That is my goal for 2011. Balance.
As a review, last year I embarked on a journey to make 100 paintings. I also planned to continue with drawing and sketching in my sketchbooks. I did find some time for visual journaling but from the start of 2010 through June I did no drawing, as I was driven with my 100 painting project. Which was all good. Until I realized that I missed drawing. So I stepped back a bit and looked at where I was in my 100 painting project (painting #56 to be exact) and saw that I had achieved what I wanted to do with paint. I needed a break. And a new direction to take that project. Plus it was so all-consuming.
So while I was mulling all of that over, I got out my pencils and picked up where I had left off the year before with a series of drawings. And I realized that by intensely focusing on painting I had become out of balance.
Just like my sketchbooks fill a need for visual journaling and working out ideas, each area of my art supports and feeds the other. I know that finding balance isn't necessarily a goal that is achieved, but more of a concept that I need to keep in mind, with regular adjusting due to one thing or another. Laure Ferlita, over at her blog,
Painted Thoughts, has a wonderful post about
The Power of a Word. She likened the word that one chooses to a touchstone for the year. I like that.
Balance. My touchstone word for 2011. I hope to balance my various ideas with my art in such a way that I can keep my interests alive and the work fresh.
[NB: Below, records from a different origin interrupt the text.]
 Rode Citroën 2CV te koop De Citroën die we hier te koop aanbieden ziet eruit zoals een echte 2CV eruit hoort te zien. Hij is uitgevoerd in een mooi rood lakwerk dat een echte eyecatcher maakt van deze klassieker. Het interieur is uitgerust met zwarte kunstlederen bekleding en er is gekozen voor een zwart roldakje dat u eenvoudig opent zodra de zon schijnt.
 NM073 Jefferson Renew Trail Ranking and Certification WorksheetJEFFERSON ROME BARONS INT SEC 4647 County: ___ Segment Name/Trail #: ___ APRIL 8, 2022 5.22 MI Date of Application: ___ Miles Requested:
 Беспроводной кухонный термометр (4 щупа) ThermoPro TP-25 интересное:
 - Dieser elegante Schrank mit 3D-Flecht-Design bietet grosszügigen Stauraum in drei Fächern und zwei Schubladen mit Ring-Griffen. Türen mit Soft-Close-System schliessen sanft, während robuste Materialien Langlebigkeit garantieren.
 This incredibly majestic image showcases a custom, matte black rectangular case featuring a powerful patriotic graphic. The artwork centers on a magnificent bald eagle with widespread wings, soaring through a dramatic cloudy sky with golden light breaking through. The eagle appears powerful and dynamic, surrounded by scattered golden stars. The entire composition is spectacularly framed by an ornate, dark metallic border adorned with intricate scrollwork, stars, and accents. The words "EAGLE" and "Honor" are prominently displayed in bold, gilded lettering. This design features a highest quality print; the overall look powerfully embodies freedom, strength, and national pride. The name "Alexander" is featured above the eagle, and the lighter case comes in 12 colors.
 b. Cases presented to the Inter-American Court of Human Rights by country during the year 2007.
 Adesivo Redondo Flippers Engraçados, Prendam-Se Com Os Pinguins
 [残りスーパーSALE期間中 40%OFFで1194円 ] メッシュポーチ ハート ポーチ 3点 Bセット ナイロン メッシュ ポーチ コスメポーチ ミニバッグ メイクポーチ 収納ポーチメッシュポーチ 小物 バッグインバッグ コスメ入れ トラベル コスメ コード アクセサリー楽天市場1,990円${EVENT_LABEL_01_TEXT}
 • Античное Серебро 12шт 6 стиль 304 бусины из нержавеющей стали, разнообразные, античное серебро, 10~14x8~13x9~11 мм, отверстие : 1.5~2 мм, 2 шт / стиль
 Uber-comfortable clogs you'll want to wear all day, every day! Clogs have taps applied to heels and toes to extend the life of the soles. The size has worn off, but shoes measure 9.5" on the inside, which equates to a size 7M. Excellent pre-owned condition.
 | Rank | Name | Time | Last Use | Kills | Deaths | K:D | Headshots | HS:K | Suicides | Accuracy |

I also need to balance my art-self with my mom-self, teacher-self, and my-self.
So what does all of this mean for me in 2011? Well, I do intend to complete my 100 painting project, perhaps with a new direction, perhaps even this year. I also plan to continue work on that series of drawings begun two years ago and then abandoned. I would like to see this become a cohesive body of work. And, naturally I will continue keeping my sketchbooks going as I do enjoy that practice of drawing from life. It's a lot to make room for, especially when I factor in my day job as a homeschool parent. Time is, after all, the most difficult thing for me to balance.
"If you find, in your own work, that ideas you didn't have room for at a particular time nonetheless lingered and arose later, you are coming close to an ideal creative state, one where creativity becomes a self-perpetuating habit. You are linking your art. Everything in your life feeds into your work, and the work feeds into more work."
-Twyla Tharp, The Creative Habit
May you enjoy a wonderfully balanced and creative year in 2011!